(Title in progress.)
This model seeks to better understand the social psychology behind music. By analyzing lyrics, genre trends, and other song metadata, MUSIC seeks to dive deeper into how and why pop culture reflects the sociopolitical environment it's created in.
To set up the codebase, you will need a Genius API Token. Get one here: https://genius.com/api-clients.
Install miniconda3. Run sh setup.sh
then activate the conda environment with conda activate cs229
.
Deprecated files: hot-100.csv
- This is not ours, found online.
- SCHEMA: chart_position,chart_date,song,performer,song_id,instance,time_on_chart,consecutive_weeks,previous_week,peak_position,worst_position,chart_debut,chart_url
song-lyrics folder
- Lyrics of ~20 songs scraped directly from Genius
- Saved as separate files
song-metadata.csv
- Metadata for ~20 songs saved in CSV
Current files: processed-hot-100.csv
- Transformed version of hot-100.csv which has the columns that we want.

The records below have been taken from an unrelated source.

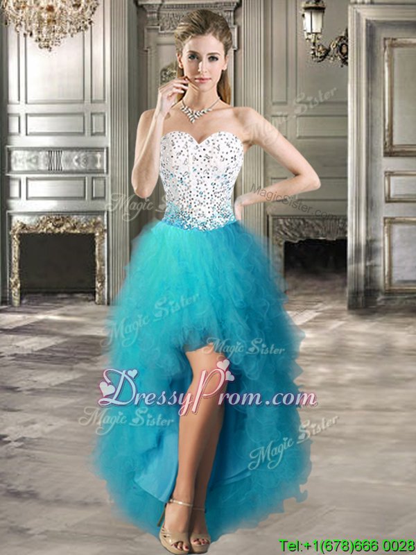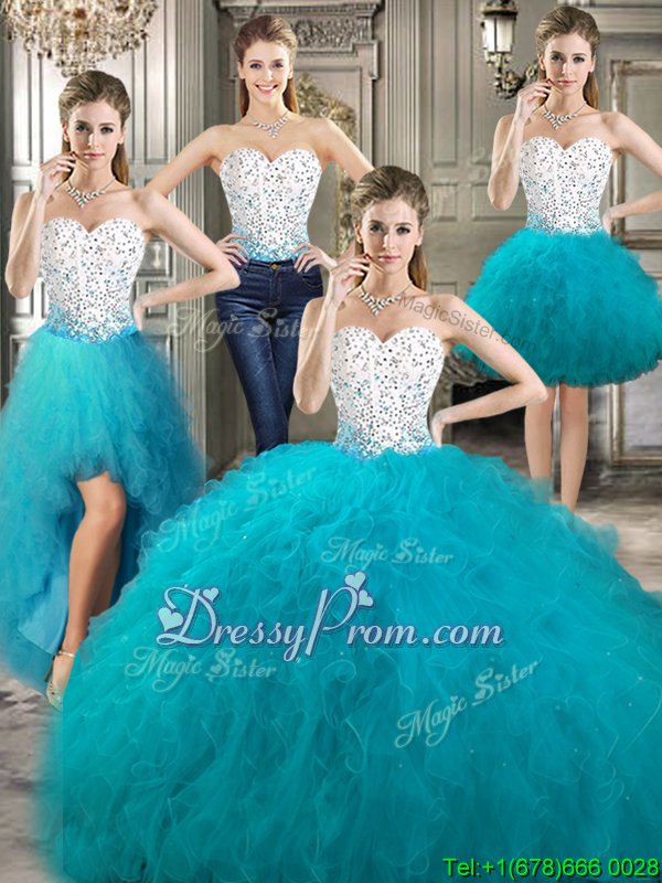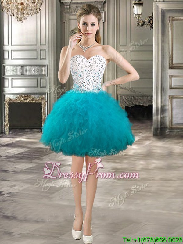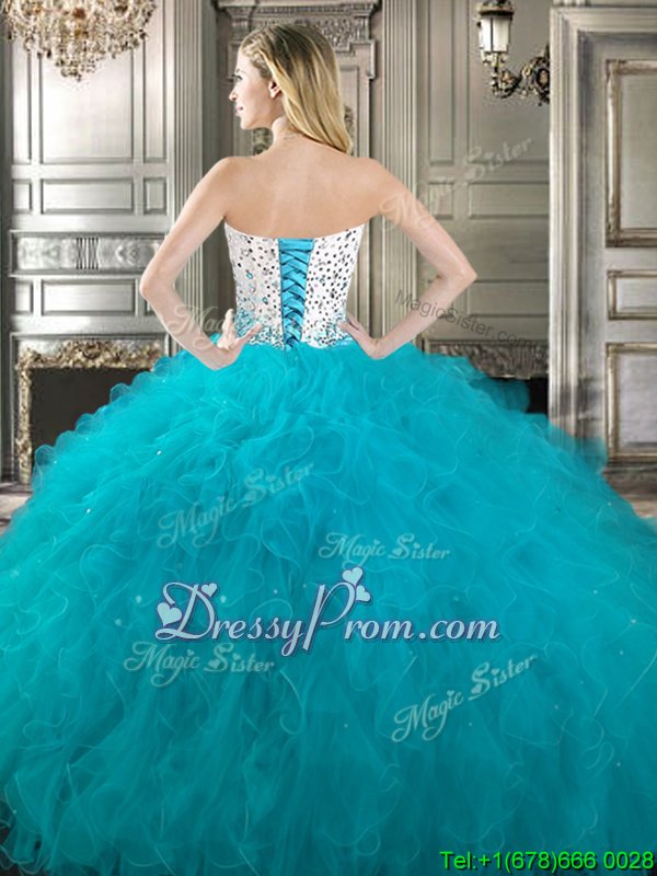 Neckline : SweetheartShown Color : White,Teal Silhouette : Ball GownsSleeve Length : sleevelessHemline : floor lengthBack Detail : Lace upFabric : TulleEmbellishment : Beading,RufflesOccasion : Military Ball,Sweet 16,QuinceaneraSeason : Spring,Summer,Winter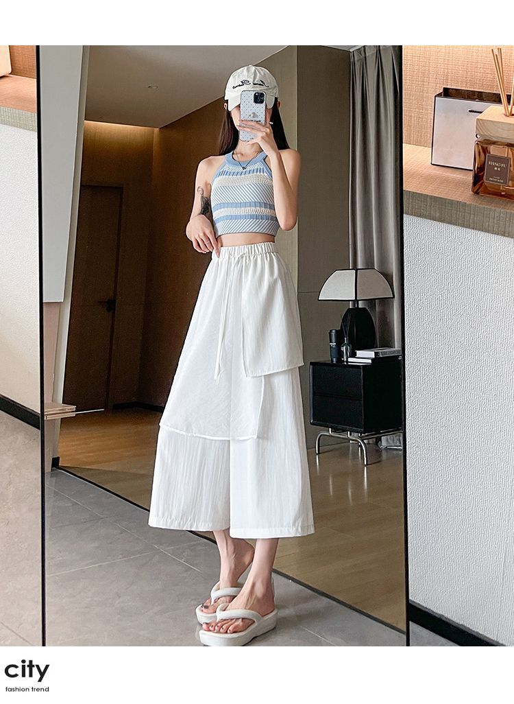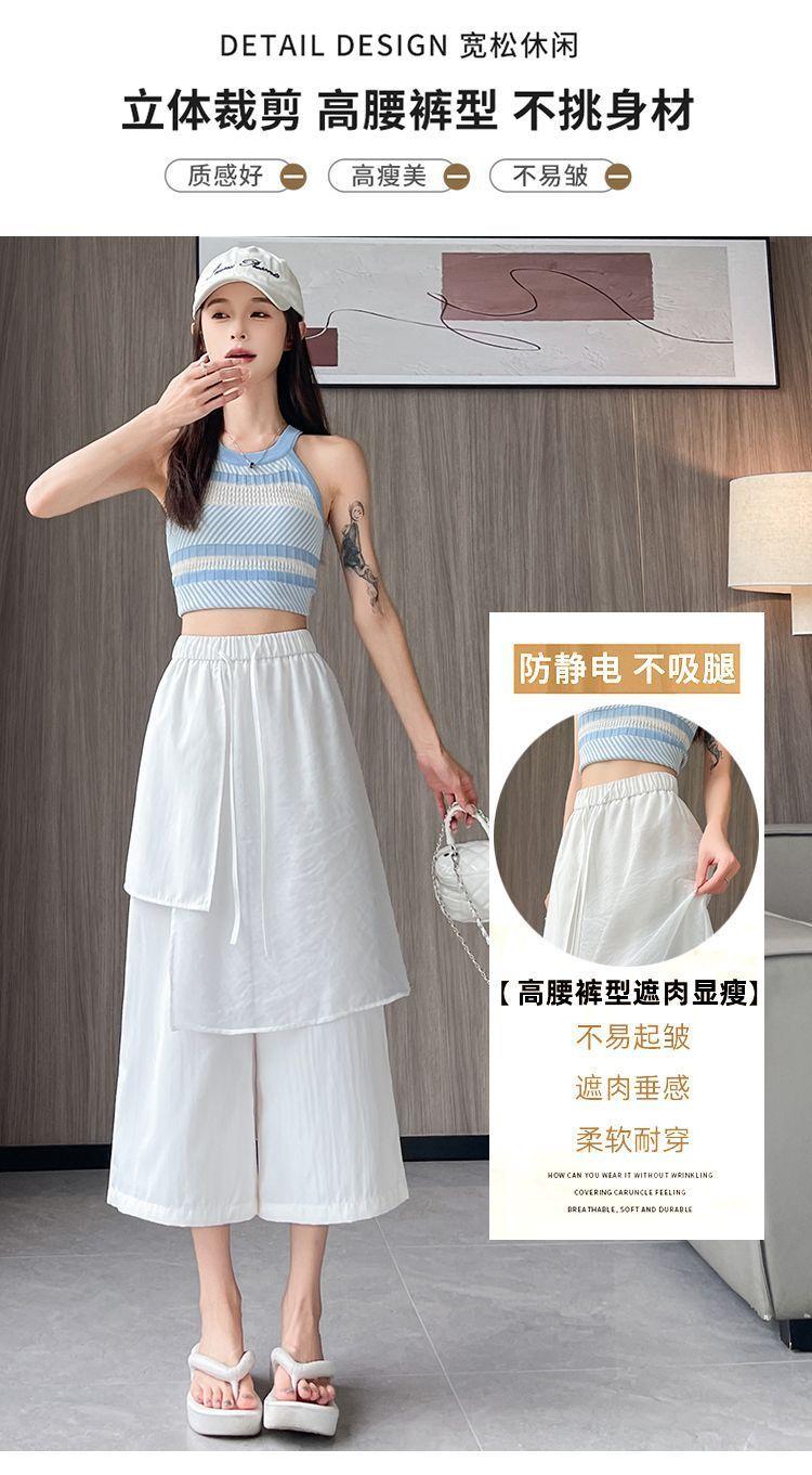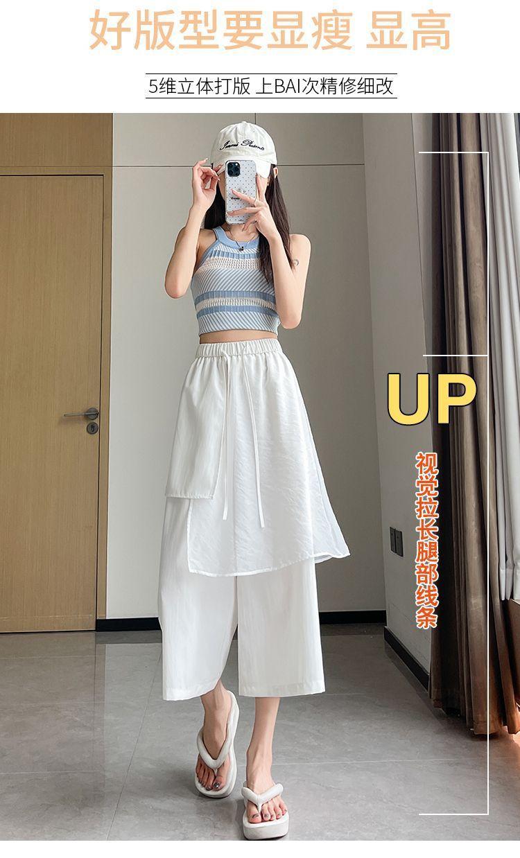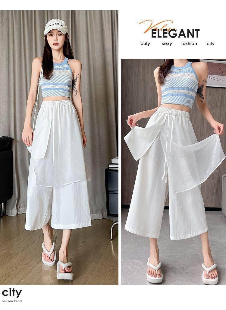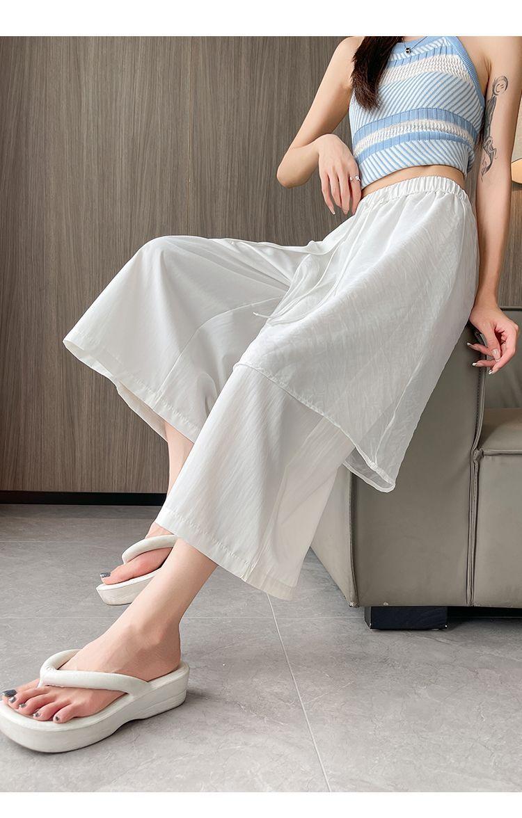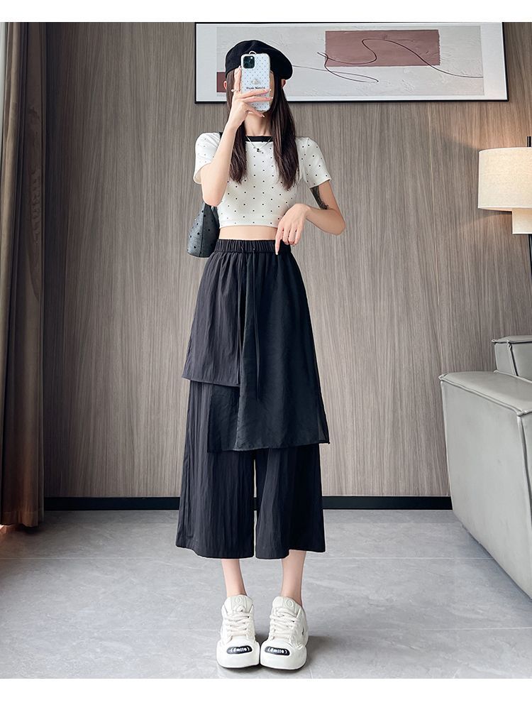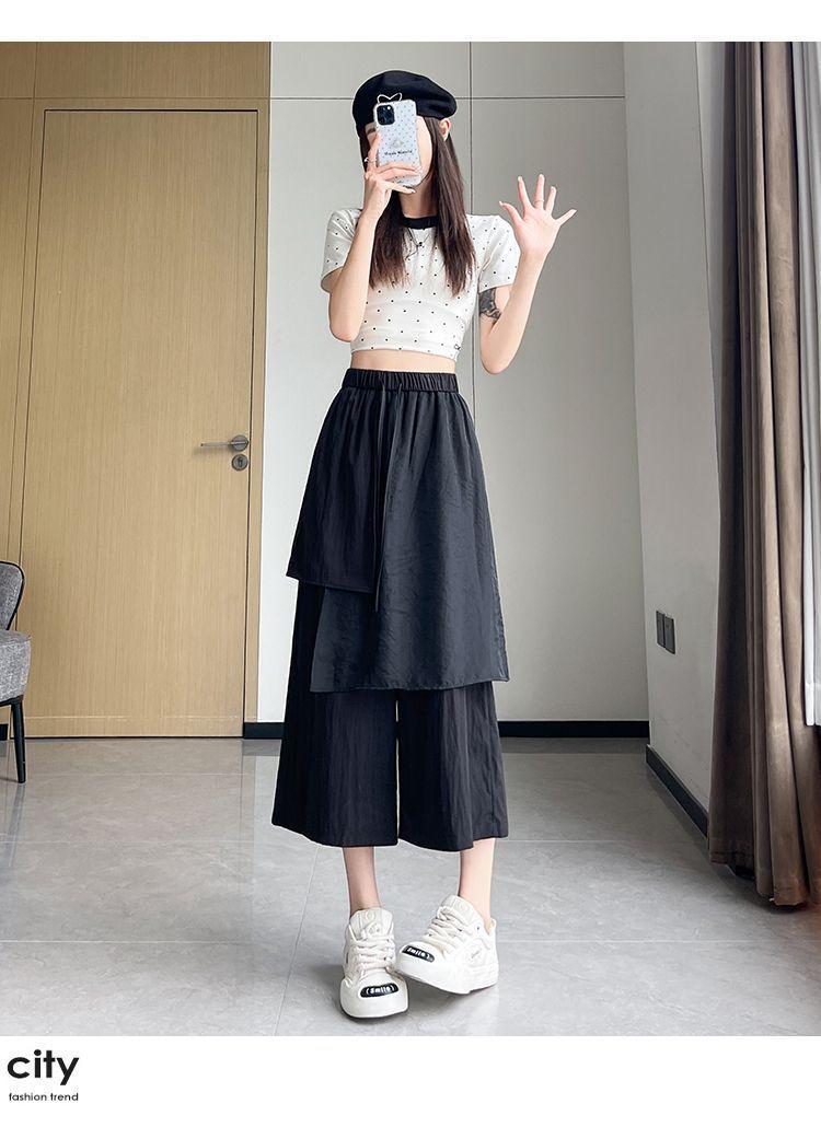 Pantalones Negros de Pierna Ancha Mujer Verano Delgados 2025 Nuevo Sentido del Diseño Costuras de Malla Solapa Trasera Casual Adelgazantes Pantalones Falda Nueve Puntos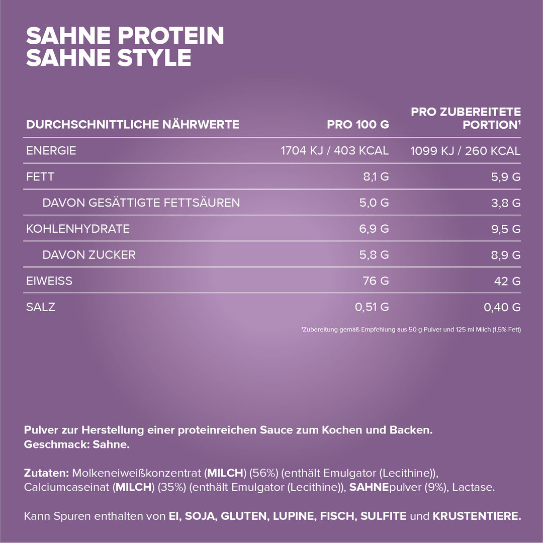 - Fettreduziert: Zubereitet enthält das Sahne Protein bis zu 60 % weniger Fett als herkömmliche Kochsahne – ideal für eine kalorienbewusste Ernährung.

- SCHEMA: song,performer,chart_instances,time_on_chart,peak_position,worst_position
- Here, time_on_chart is a list of values that has pairs of date/position
sample-processed-hot-100.csv
- Copy of the first 500ish datapoints from the processed-hot-100.csv. Using this to train before we get cluster access.
- Same schema as above.
processed-hot-100-with-lyrics-metadata.csv
- SCHEMA: song,performer,chart_instances,time_on_chart,peak_position,worst_position,lyrics,metadata
- Here, lyrics are a single string, with line breaks being denoted by "/".
- Here, metadata is a dictionary with keys of 'Producer', 'Writers' (list), 'Release Date', and 'Tags' (list).
SAMPLE SCRAPE: ENDING ON MEH (Playboi Carti, ROW 512) SCRAPE 1: ENDING ON BAD BOY THIS BAD BOY THAT (Bad Boy's Da Band, ROW 512 + 1762) SCRAPE 2: ENDING ON BETTER AS A MEMORY (Kenny Chesney, ROW 512 + 1762 + 505) SCRAPE 3: ENDING ON Callin' Doctor Casey (John D. Loudermilk, ROW 512 + 1762 + 505 + 1093) SCRAPE 4: ENDING ON DOIN' THIS (Luke Combs, ROW 512 + 1762 + 505 + 1093 + 2235) SCRAPE 5: ENDING ON DRINK IN MY HAND (Eric Church, ROW 512 + 1762 + 505 + 1093 + 2235 + 614) SCRAPE 6: ENDING ON EYES CLOSED (Ed Sheeran, ROW 512 + 1762 + 505 + 1093 + 2235 + 614 + 656) SCRAPE 7: ENDING ON GETTING AWAY WITH IT (Electronic, ROW 512 + 1762 + 505 + 1093 + 2235 + 614 + 656 + 1307) SCRAPE 8: ENDING ON HEAT OF THE MOMENT (Asia, ROW 512 + 1762 + 505 + 1093 + 2235 + 614 + 656 + 1307 + 1371) SCRAPE 9: ENDING ON INSIDE A DREAM (Jane Wiedlin, ROW 512 + 1762 + 505 + 1093 + 2235 + 614 + 656 + 1307 + 1371 + 3413) SCRAPE 10: ENDING ON LOVE SOMEBODY (Maroon 5, ROW 512 + 1762 + 505 + 1093 + 2235 + 614 + 656 + 1307 + 1371 + 3413 + 2970) SCRAPE 11: ENDING ON SUPERMODEL (Rupaul, ROW 512 + 1762 + 505 + 1093 + 2235 + 614 + 656 + 1307 + 1371 + 3413 + 2970 + 8227) SCRAPE 12: ENDING ON ALL SONGS SCRAPED (ROW 512 + 1762 + 505 + 1093 + 2235 + 614 + 656 + 1307 + 1371 + 3413 + 2970 + 8227 + 6616)
SPLIT INTO 3 FILES TO MATCH GITHUB FILE LIMIT!